In all trials, use of concomitant ACE inhibitors was determined by the study protocol. LIFE, TROPHY, and TRANSCEND trials did not allow treatment with ACE inhibitors. In the CHARM-Preserved component of CHARM, and in the PROFESS and VAL-HEFT trials, treatment with an ACE inhibitor was allowed in both groups. In the CHARM-Added component, all patients in both candesartan and placebo groups were given a concomitant ACE inhibitor. In the CHARM-Alternative component, patients were not allowed to be on an ACE inhibitor in the placebo or candesartan groups. The ONTARGET and VALIANT studies had three groups (ARB alone, ACE inhibitor alone, and ARB plus ACE inhibitor) that did not allow any other ARB or ACE inhibitor.

In all trials apart from PROFESS, there was a numerical excess of new cancers with ARBs. Meta-analysis showed a significantly increased risk of new cancer for patients randomised to receive ARBs compared with patients randomised to receive controls (7·2% vs 6·0%, I²=0%, meta-analytic RR 1·08, 95% CI 1·01–1·15; p=0·016; figure 3A). When analysis was limited to the three clinical trials where cancer was a prespecified endpoint and cancer data was rigorously collected (LIFE, ONTARGET, and TRANSCEND) there was also a significant increase in risk of cancer with ARBs, compared with those randomly assigned to control (I2=0%, RR 1·11, 1·04–1·18; p=0·001; figure 3B).

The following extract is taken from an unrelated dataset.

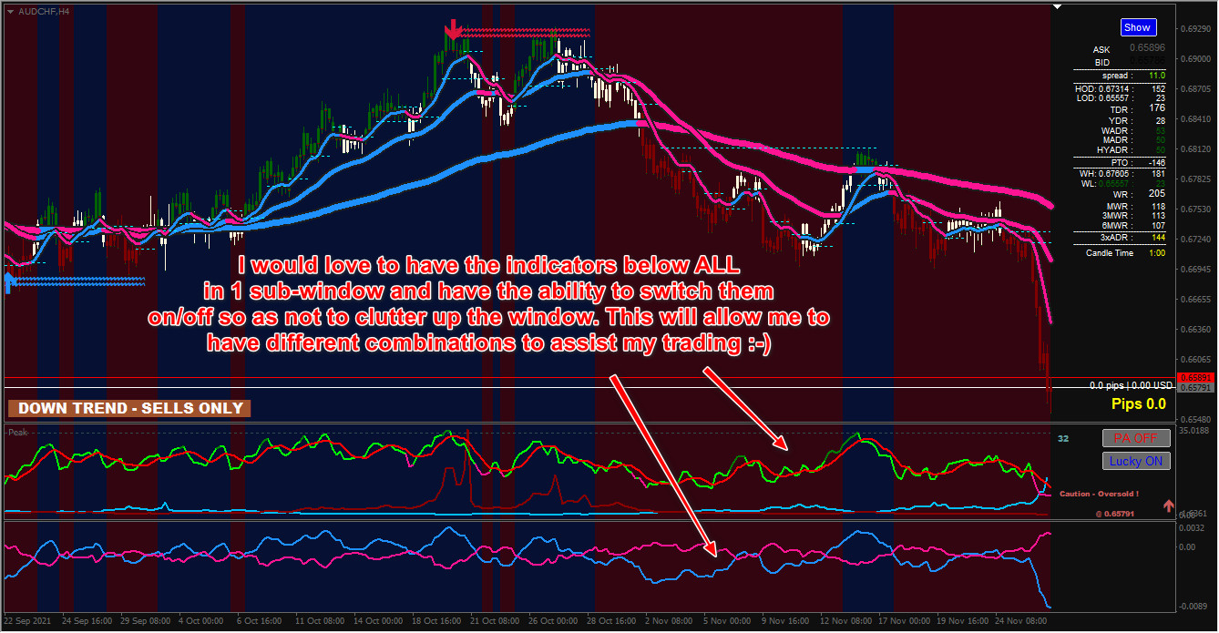Would it be possible to add buttons to the following indicators so that I can have them ALL in a single sub-window? Unfortunately, I do not have .mq4 versions of all the indicators. The HLC -Trend (alerts) rev001 is from XARD's XARDWORLD rev009. I have included 2 versions of the TDI - RT and I will leave it up to you to decide which one is the better candidate to be buttoned

Meta-analysis of the three trials of telmisartan again showed an increase in new cancer occurrence with this ARB, compared with control (RR 1·07, 95% CI 1·00–1·14; p=0·05). The occurrence of new cancer was also assessed according to background ACE-inhibitor therapy (figure 4). For patients in both treatment groups receiving a mandatory ACE inhibitor, randomisation to an ARB was associated with a significantly higher occurrence of new cancer than was randomisation to control (9·7% vs 8·6%, RR 1·13, 95% CI 1·03–1·24; p=0·011; figure 4A). In trials where ACE inhibitors were not allowed as concomitant treatment, again there was significant excess of new cancers with ARBs compared with controls (8·2% vs 7·6%, RR 1·08, 95% CI 1·00–1·16; p=0·041; figure 4B).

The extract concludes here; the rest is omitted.